What you will do: Starting at the top of the listing, extract every line up to and including the one with "The graceful waistline". Pictures stay out of the copy.

···

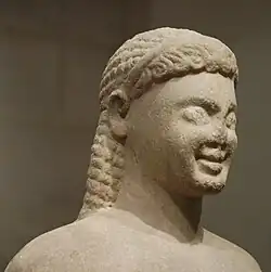 Куросы отличаются строгой фронтальностью композиции, суммарностью трактовки форм человеческого тела; лица их оживлены т. н. архаической улыбкой.
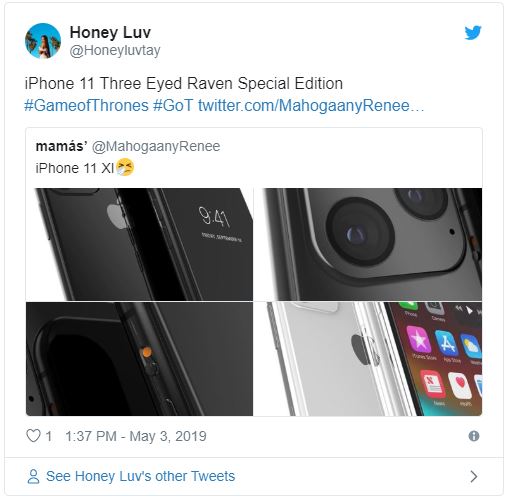 “iPhone 11 edição especial Corvo de Três Olhos,” disse outra fã.
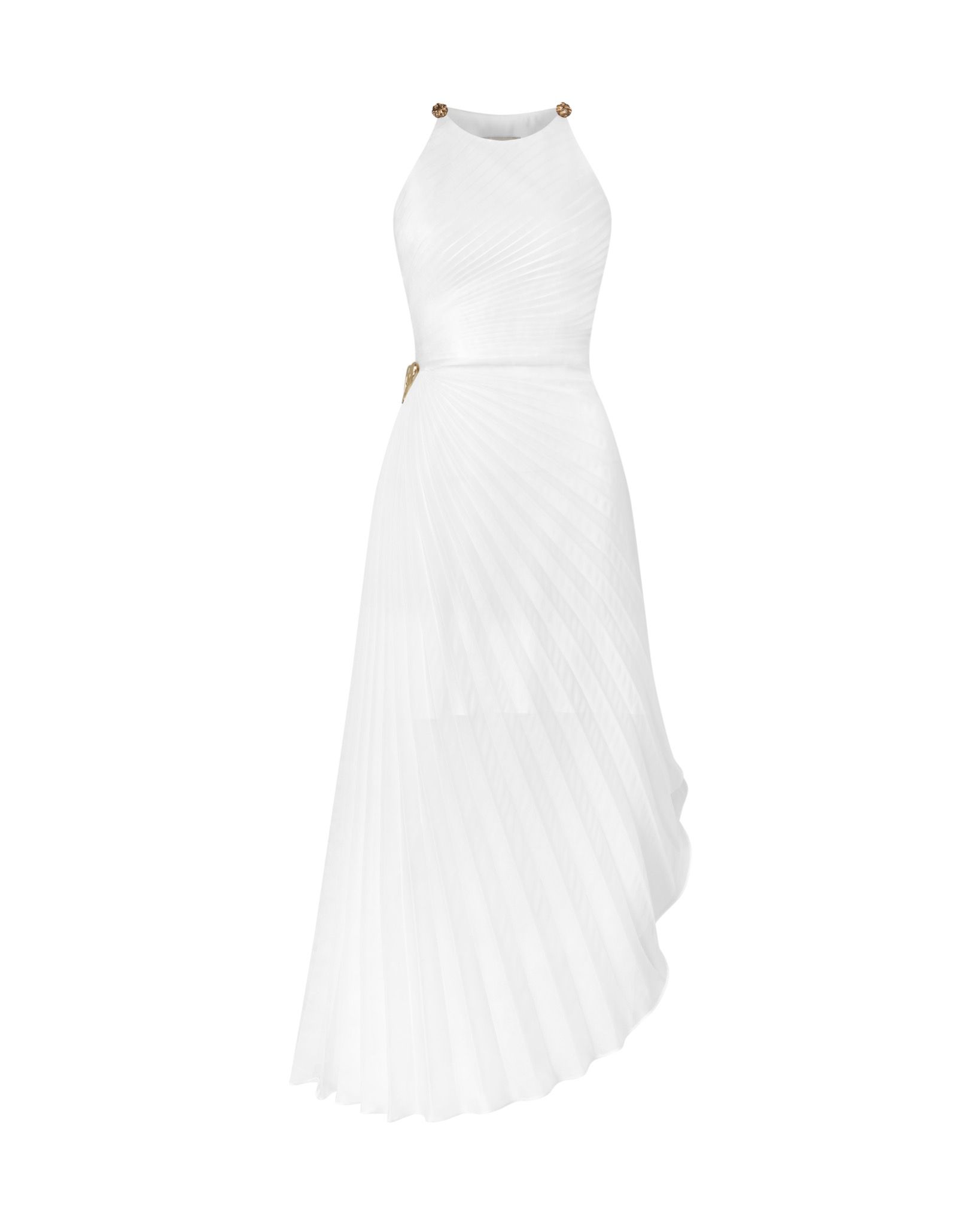 The graceful waistline is accentuated by a luxurious gold-plated hollow heart-shaped pin.
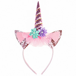Ободок, Цветочный единорог, Розовый, с блестками, 1 шт.
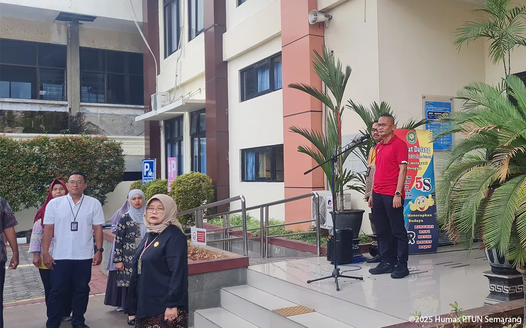 Seluruh aparatur Pengadilan Tata Usaha Negara (PTUN) Semarang melaksanakan apel sore di halaman kantor PTUN Semarang sebagai penutup kegiatan kerja di akhir pekan. Pada kesempatan kali ini, Hakim PTUN Semarang, Bapak Josiano Leo Haliwela, S.H., bertindak sebagai Pembina Apel.
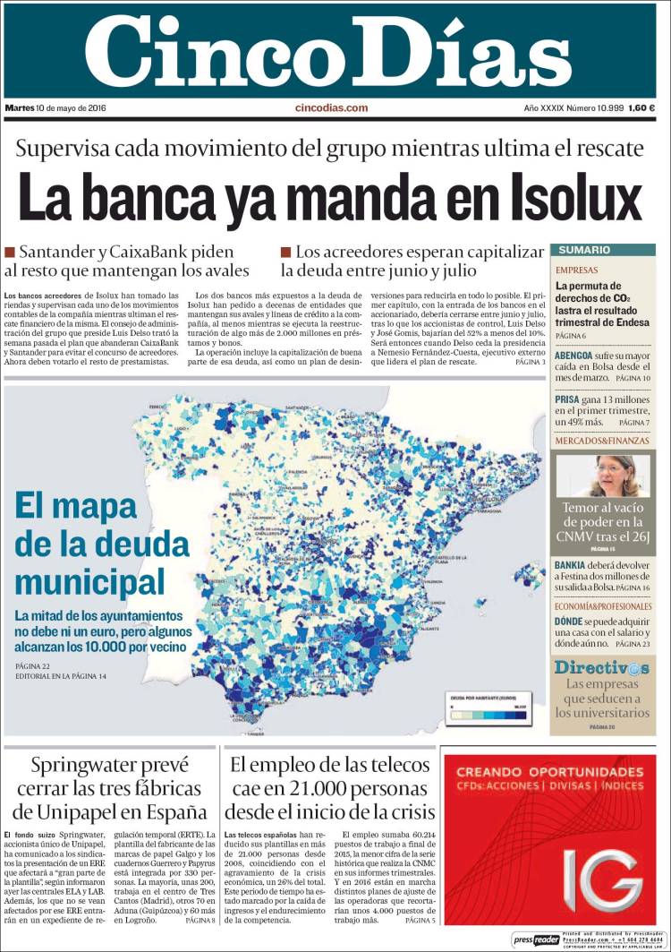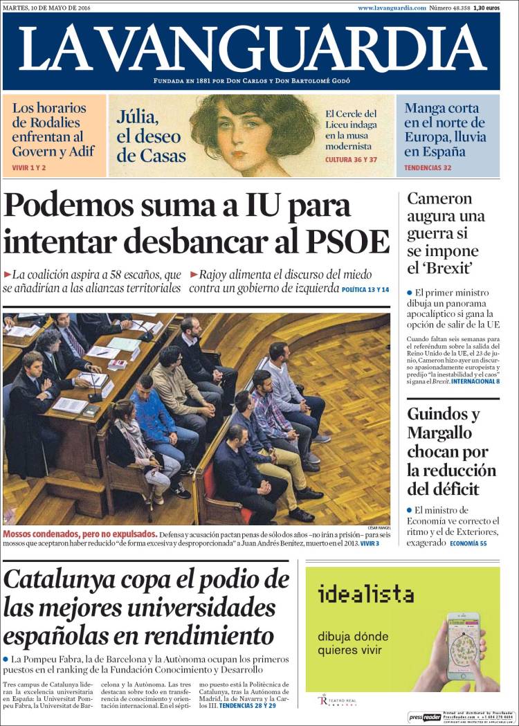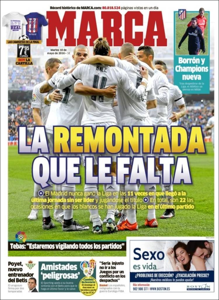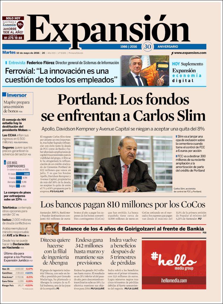 Portadas de los diarios El Mundo, El País, ABC, La Razón, La Vanguardia, El Periódico, Cinco Días, El Economista, Expansión, Marca, As, Mundo Deportivo y Sport.

···

Response area:
 Куросы отличаются строгой фронтальностью композиции, суммарностью трактовки форм человеческого тела; лица их оживлены т. н. архаической улыбкой.
 “iPhone 11 edição especial Corvo de Três Olhos,” disse outra fã.
 The graceful waistline is accentuated by a luxurious gold-plated hollow heart-shaped pin.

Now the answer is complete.